I tried to understand how the predictions are made and evaluated by looking at the implementation of seq2seq.sequence_loss_by_example, which must perform this evaluation, but this ends up calling gen_nn_ops._sparse_softmax_cross_entropy_with_logits, which doesn't seem to be included in the github repo, so I'm not sure where else to look.
I'm quite new to both tensorflow and LSTMs, so any help is appreciated!

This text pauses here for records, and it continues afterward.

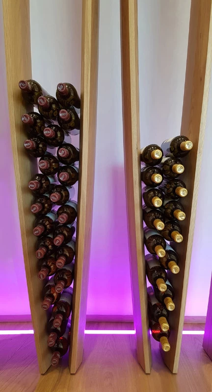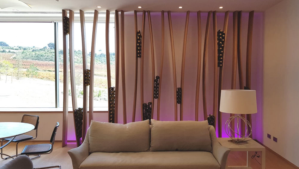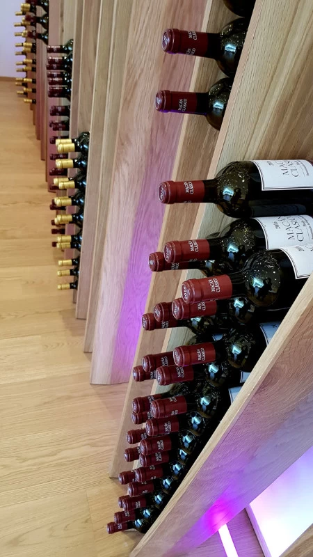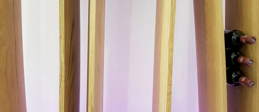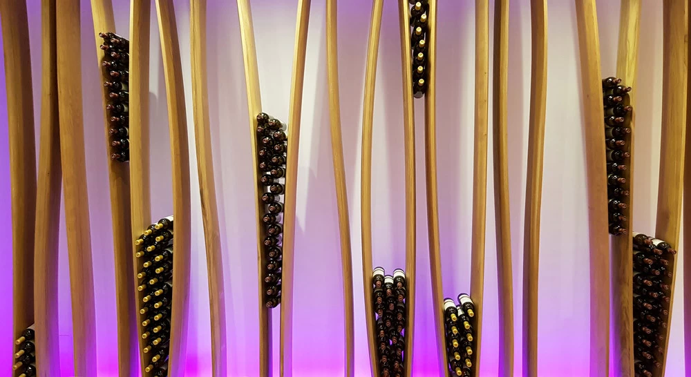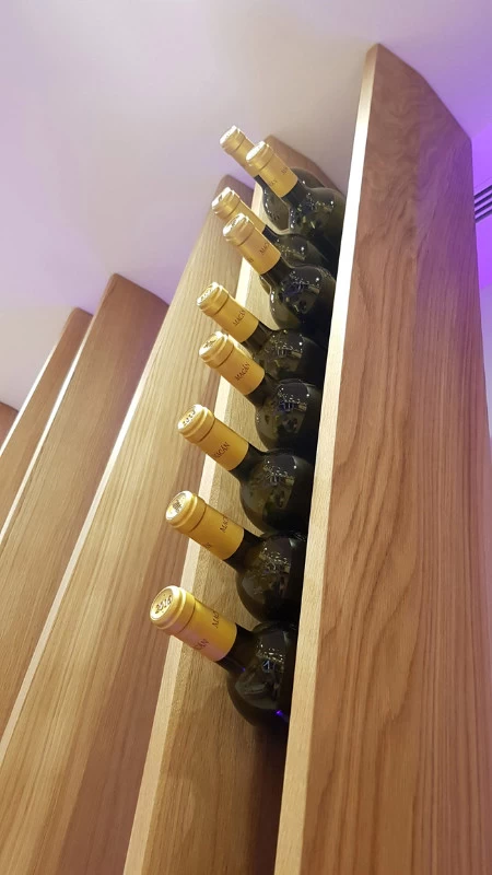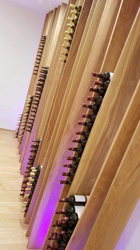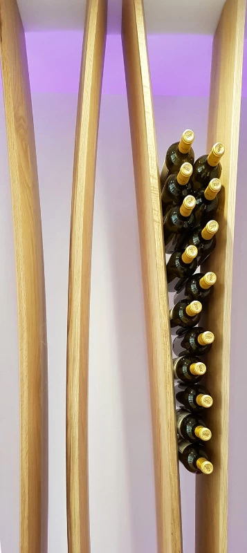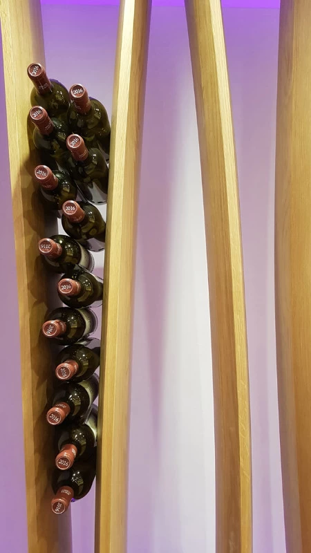 D’esprit végétal et naturel façon « branchages », voici un présentoir qui maintient les bouteilles grâce aux rétrécissements des planches en chêne cintrées. L’idée était de proposer une structure contemporaine, épurée, d’apparence légère et surtout en relation avec la nature puisqu’une partie du présentoir se prolonge devant la baie vitrée et laisse voir le paysage derrière. Le but n’était pas de saturer en bouteilles ce salon VIP mais juste de rappeler aux visiteurs qu’ils sont dans le monde du vin. Cette réalisation très technique de multiplis de chêne, d’apparence simple mais compliquée à mettre en œuvre a été réalisée par les Ets Eusebio en Espagne.
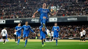 En el 74’, Cömert evitó el mano a mano de Mbappé rebañándole el balón en última instancia. El francés pudo ampliar la ventaja minutos más tarde, pero su tiro cruzado se marchó cerca del poste izquierdo valencianista. Ya en el añadido, Mbappé no falló al aprovechar una buena asistencia de Brahim, que previamente había recibido un pase largo de Huijsen. El delantero anotó su 23º gol en esta Liga con un remate con la derecha y el Madrid se llevó los tres puntos de Mestalla.
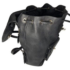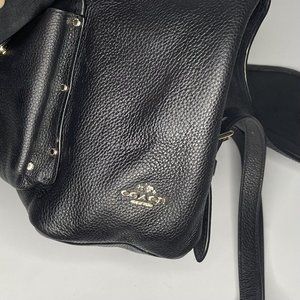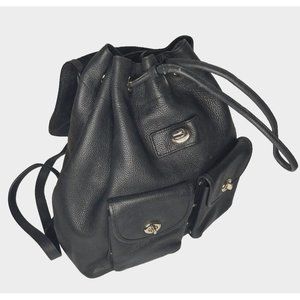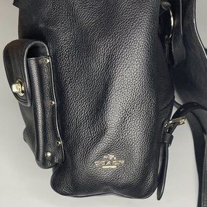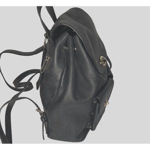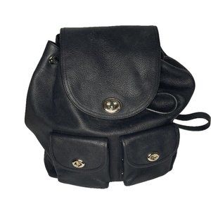 Coach Black Pebbled Leather Backpack Bag Large Turnlock Adj straps 12" high
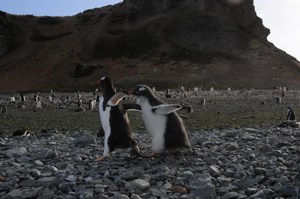 Juvenile penguins chasing their parents for food in the penguin rookery on Ardley Island, near King George Island, Antarctica
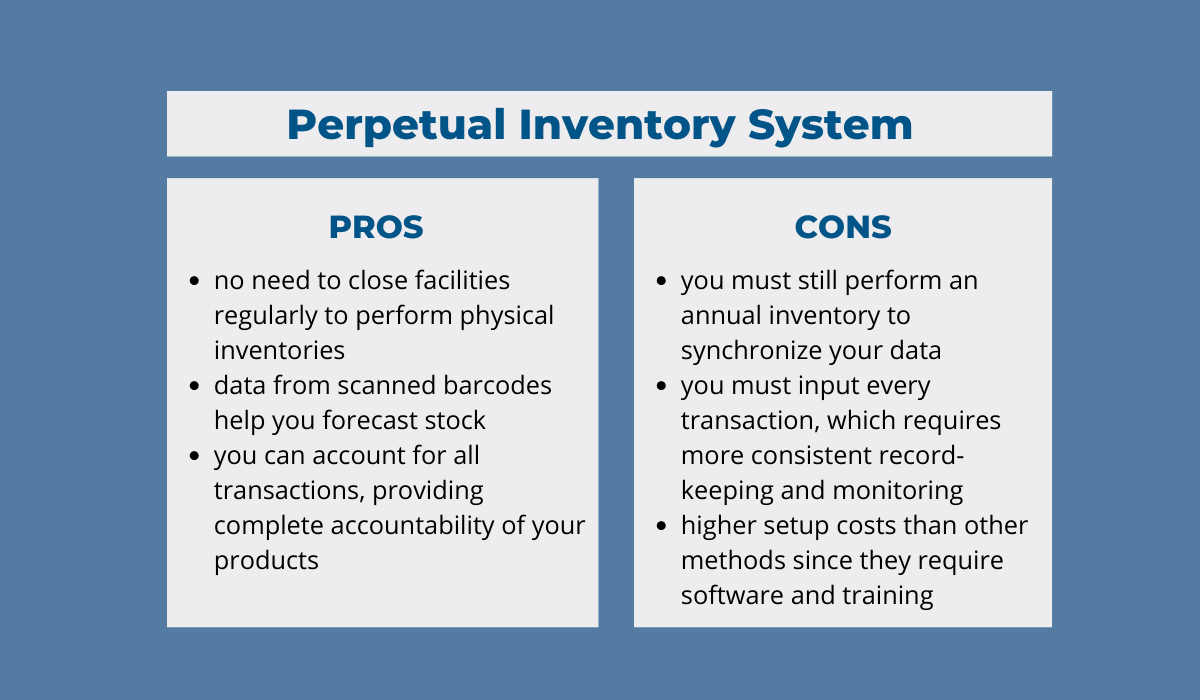 Moreover, this system might not capture discrepancies resulting from theft, loss, damage, and scanning errors, so you will still have to perform an annual physical inventory to synchronize the data.
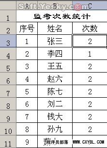 當然,還有一點也很重要,那就是考試安排和監考次數統計中的人名一定要一模一樣,否則,可要前功盡棄了。
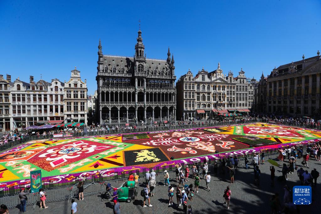 8月12日,民眾在比利時(shí)布魯塞爾大廣場(chǎng)參觀(guān)“鮮花地毯”。
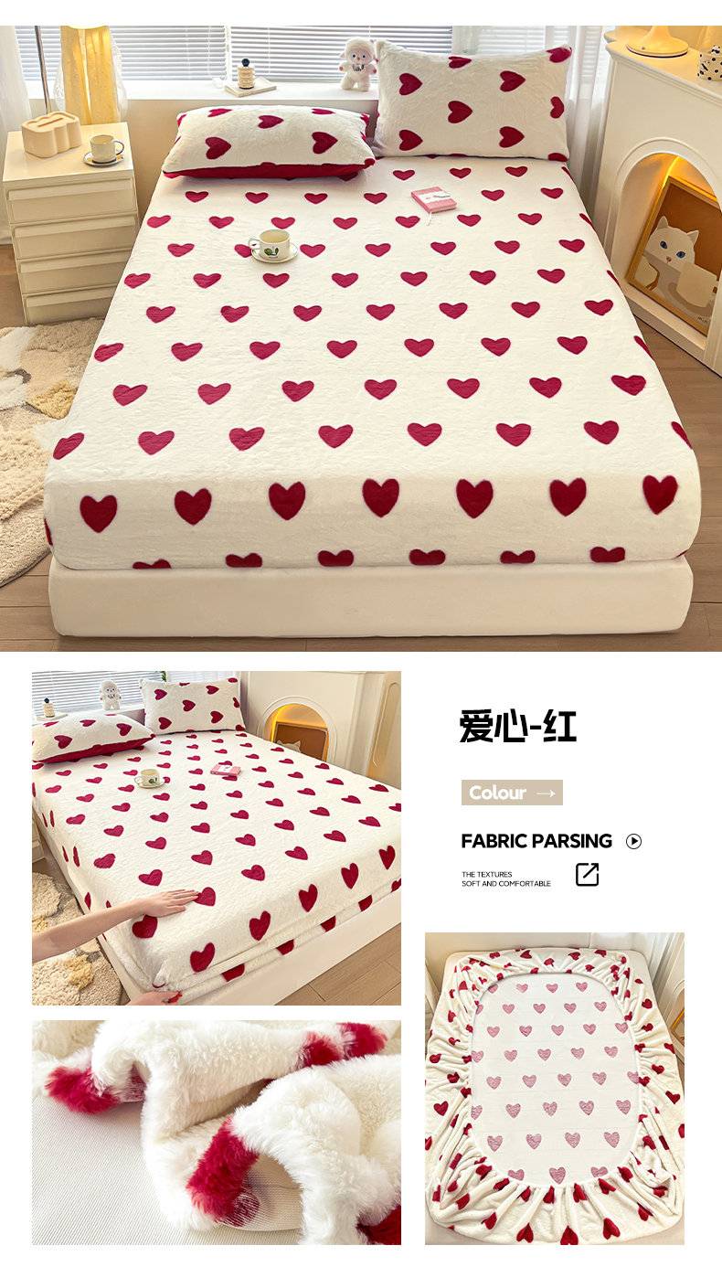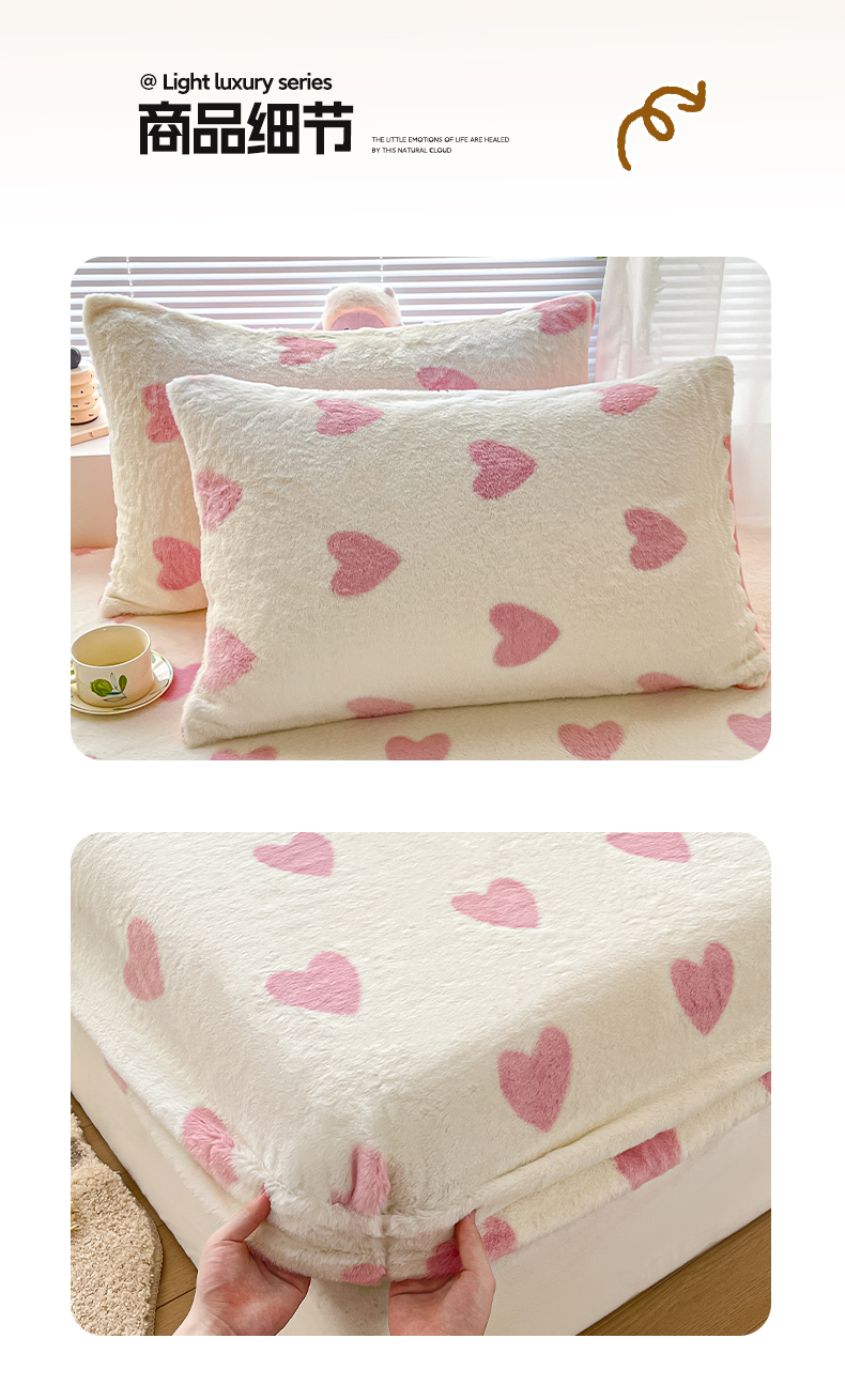 商品名称:雅居纺家纺 2025新款高克重兔绒印花单枕套-爱心 爱心-粉
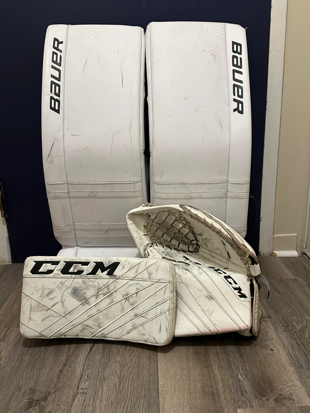Bauer Senior Goalie Pads and CCM Glove Set
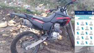 La policía llegó al lugar y observó a los dos masculinos, uno de ellos reconocido por su prontuario delictual, pero estos, al ver el móvil policial, se dieron a la fuga por descampados abandonando una moto marca Honda XR250 sin dominio colocado.
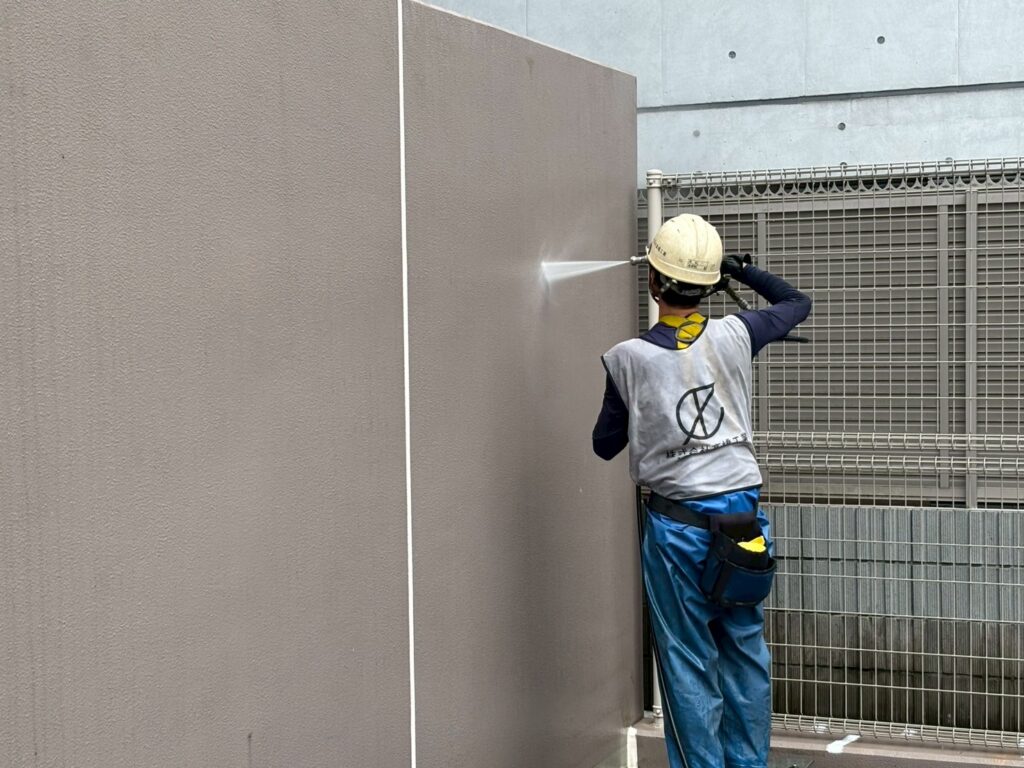 B棟北面、西面、駐車場内壁の洗浄工事をおこないました。
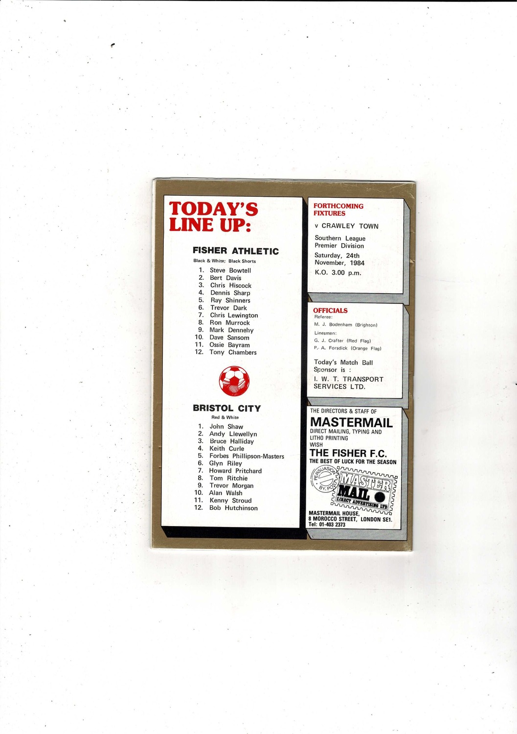 Fisher Athletic v Bristol City FA Cup Football Programme 1984/85

The output tensor contains the concatentation of the LSTM cell outputs for each timestep (see its definition here). Therefore you can find the prediction for the next word by taking chosen_word[-1] (or chosen_word[sequence_length - 1] if the sequence has been padded to match the unrolled LSTM).
The tf.nn.sparse_softmax_cross_entropy_with_logits() op is documented in the public API under a different name. For technical reasons, it calls a generated wrapper function that does not appear in the GitHub repository. The implementation of the op is in C++, here.
I am implementing seq2seq model too.
So lets me try to explain with my understanding:
The outputs of your LSTM model is a list (with length num_steps) of 2D tensor of size [batch_size, size].
The code line:
output = tf.reshape(tf.concat(1, outputs), [-1, size])
will produce a new output which is a 2D tensor of size [batch_size x num_steps, size].
For your case, batch_size = 1 and num_steps = 20 --> output shape is [20, size].
Code line:
logits = tf.nn.xw_plus_b(output, tf.get_variable("softmax_w", [size, vocab_size]), tf.get_variable("softmax_b", [vocab_size]))
<=> output[batch_size x num_steps, size] x softmax_w[size, vocab_size] will output logits of size [batch_size x num_steps, vocab_size].
For your case, logits of size [20, vocab_size]
--> probs tensor has same size as logits by [20, vocab_size].
Code line:
chosen_word = np.argmax(probs, 1)
will output chosen_word tensor of size [20, 1] with each value is the next prediction word index of current word.
Code line:
loss = seq2seq.sequence_loss_by_example([logits], [tf.reshape(self._targets, [-1])], [tf.ones([batch_size * num_steps])])
is to compute the softmax cross entropy loss for batch_size of sequences.